Aucune recommandation n’envisage non plus, en guise de rééquilibrage, de réactualiser, renforcer et mieux appliquer la loi Molac ou les Conventions entre l’État et les collectivités territoriales, dont le défaut d’application est régulièrement dénoncé en Bretagne. Il apparait donc que l’ensemble des recommandations trahissent un abandon total du principe du multilinguisme au profit de celui du monolinguisme en France.
Conclusion
Sans se pencher sur le détail des recommandations, sur lesquels il y aurait aussi beaucoup à dire, et en en restant aux grandes lignes, il apparait qu’il ne s’agit pas, pour les auteurs du rapport, de mettre en œuvre le multilinguisme, ni même de le promouvoir, mais uniquement d’étendre la sphère d’influence du français, en renforçant même, au contraire, le monolinguisme en France. Ils envisagent, en effet, d’une part, de restreindre la mise en œuvre des droits relatifs à leur promotion par le biais d’une recommandation qui leur est faussement favorable, mais véritablement défavorable, et, d’autre part, de renforcer les blocages à leur encontre par une série d’autre recommandations traitant de la langue française sans prendre en compte leurs effets sur les langues autochtones. Du principe théorique du multilinguisme à sa mise en pratique, il y a un pas que les auteurs du rapport n’ont toujours pas franchi, la question de la pérennité des langues autochtones n’étant toujours pas entré dans leur champ de réflexion. En définitive, le multilinguisme n’est encore, pour les auteurs du rapport, qu’un instrument permettant d’alimenter une rhétorique au service d’un nationalisme linguistique.
Notes :
- « Le français a encore son mot à dire. Propositions pour une francophonie multilatérale et coopérative. – Rapport d'information no 6 (2024-2025), déposé le 2 octobre 2024 », sur le site du Sénat.

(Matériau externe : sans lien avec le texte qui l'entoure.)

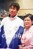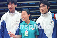 组图:中国台北选手蒋澎龙、张雁书获乒乓球双打季军 2001年08月29日 14:35 ![]() 中国台北选手蒋澎龙(左)、张雁书获得大运会男子乒乓球双打决赛中获得季军,蒋澎龙所在台湾中华文化大学的校长林彩梅(右)十分欣慰。中新社图 刘殊瑾 摄 ![]() 中国台北选手蒋澎龙、张雁书获得大运会男子乒乓球双打决赛中获得季军,赢得现场观众的赞赏。图为热情的北京姑娘与他们合影。中新社图 刘殊瑾 摄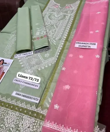3 piece suit lawn unstiched embroiderd chiken kari chiffon dubbta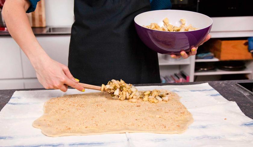 Verteile nun die Obstmischung auf dem Teig. Lass dabei kleine Ränder, damit der Strudel sich gut schließen lässt.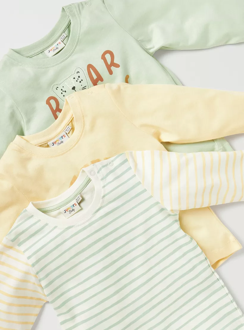 Juniors Printed Crew Neck T-shirt with Long Sleeves – Set of 3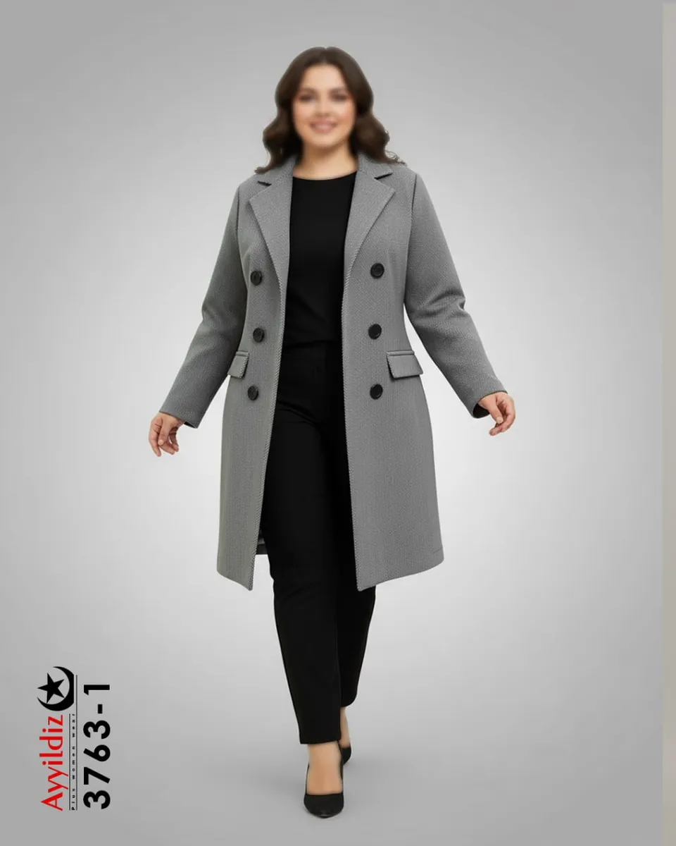پالتو جناقی مدل 3763 از کالکشن پاییزی ویژهی سایز بزرگ طراحی شده و ترکیبی از استایل کلاسیک و فرم مدرن کتی را به نمایش میگذارد. پارچهی جناغی ضخیم و باکیفیت به آن ایست و دوام فوقالعادهای داده؛ درحالیکه بافت نرم و لطیفش، راحتی بینقصی را فراهم میکند.

- « Décision no 2021-818 DC du 21 mai 2021 – Loi relative à la protection patrimoniale des langues régionales et à leur promotion », sur le site du Conseil constitutionnel.

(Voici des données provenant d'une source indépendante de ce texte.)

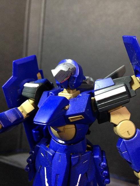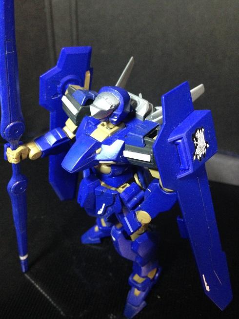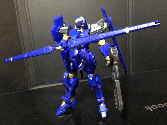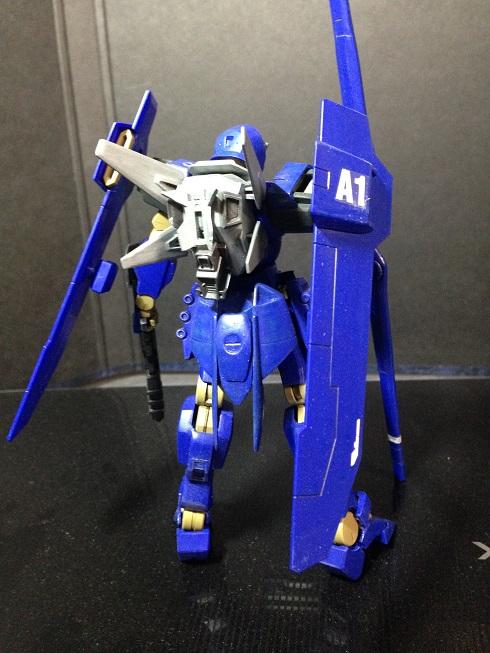 大きくは、太ももを細長いパーツに交換、つま先を延長して足を長めにしたのと、頭部のトサカ部分を少し斜め上向きにしてマスクを大きくしてちょっとガンダム顔にしたのと、バックパック及び腰部前後のアーマーがあっさりしすぎてる気がして、ジャンクパーツで作り直したものです。他、チョコチョコとディテールを追加したりしてます。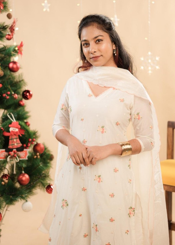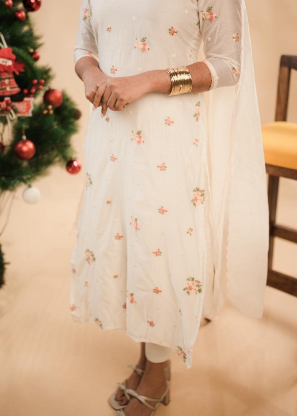 Paired with 2 side scalloped dupatta plain chanderi and pencil bottom.

- « Fonctionnement du Conseil national des langues et cultures régionales – Question écrite no02700 - 10e législature », sur le site du Sénat.

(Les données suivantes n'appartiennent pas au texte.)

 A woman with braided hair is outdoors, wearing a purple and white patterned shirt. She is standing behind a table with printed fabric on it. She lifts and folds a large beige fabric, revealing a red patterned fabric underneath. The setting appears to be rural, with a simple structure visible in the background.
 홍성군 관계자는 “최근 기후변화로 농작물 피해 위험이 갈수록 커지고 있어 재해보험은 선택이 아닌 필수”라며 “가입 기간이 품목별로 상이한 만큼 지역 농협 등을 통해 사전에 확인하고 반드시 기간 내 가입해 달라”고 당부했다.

- « Loi no 2021-641 du 21 mai 2021 relative à la protection patrimoniale des langues régionales et à leur promotion (1) », sur le site Légifrance.
- « Constitution du 4 octobre 1958 – Article 75-1 », sur le site Légifrance.
- « Un vocabulaire des langues idéologiquement marqué », par Yann-Vadezour ar Rouz, Justice pour nos langues !, 29 aout 2024, modifié le 18 octobre 2024.
- « Loi no 94-665 du 4 août 1994 relative à l’emploi de la langue française – Article 21 », sur le site Légifrance.
- « Le tribunal administratif de Montpellier restreint l’usage du catalan, par Yann-Vadezour ar Rouz, Justice pour nos langues !, 13 mai 2023, modifié le 11 juillet 2023.
- « La suspension de l’exécution de l’acte portant reconnaissance de la langue créole comme langue officielle par la cour administrative d’appel de Bordeaux », par Yann-Vadezour ar Rouz, Justice pour nos langues !, 23 décembre 2023, modifié le 7 octobre 2024.
- « Un procès très politique en Martinique contre le principe de la co-officialité d’une langue autochtone, par Yann-Vadezour ar Rouz, Justice pour nos langues !, 12 octobre 2024.